Task requirements - Reproduce only what runs from the line containing "14K with Rhodium" to the line containing "森町の山奥、島田市の境目にあ" in the records below, inclusive. Keep it exact, and keep the pictures out.

== Data to examine ==

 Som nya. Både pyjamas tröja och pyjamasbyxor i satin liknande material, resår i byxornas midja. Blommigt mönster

===
== Data to examine ==

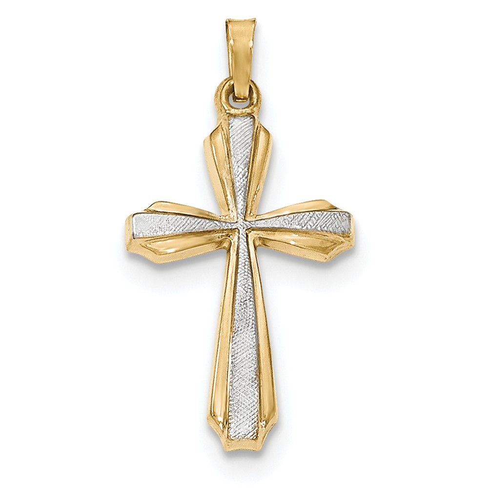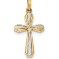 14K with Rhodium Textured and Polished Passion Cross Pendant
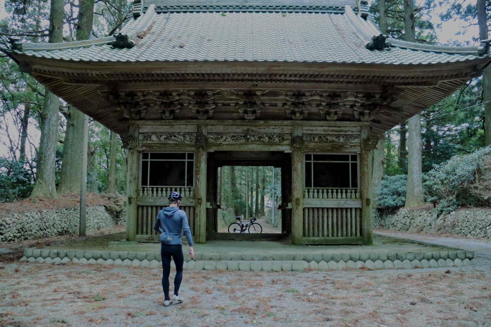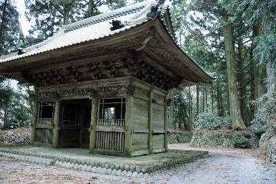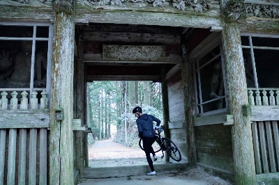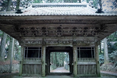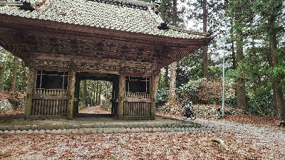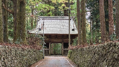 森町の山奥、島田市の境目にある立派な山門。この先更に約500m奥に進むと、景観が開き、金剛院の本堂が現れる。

===

Solution for this task -
 14K with Rhodium Textured and Polished Passion Cross Pendant
 森町の山奥、島田市の境目にある立派な山門。この先更に約500m奥に進むと、景観が開き、金剛院の本堂が現れる。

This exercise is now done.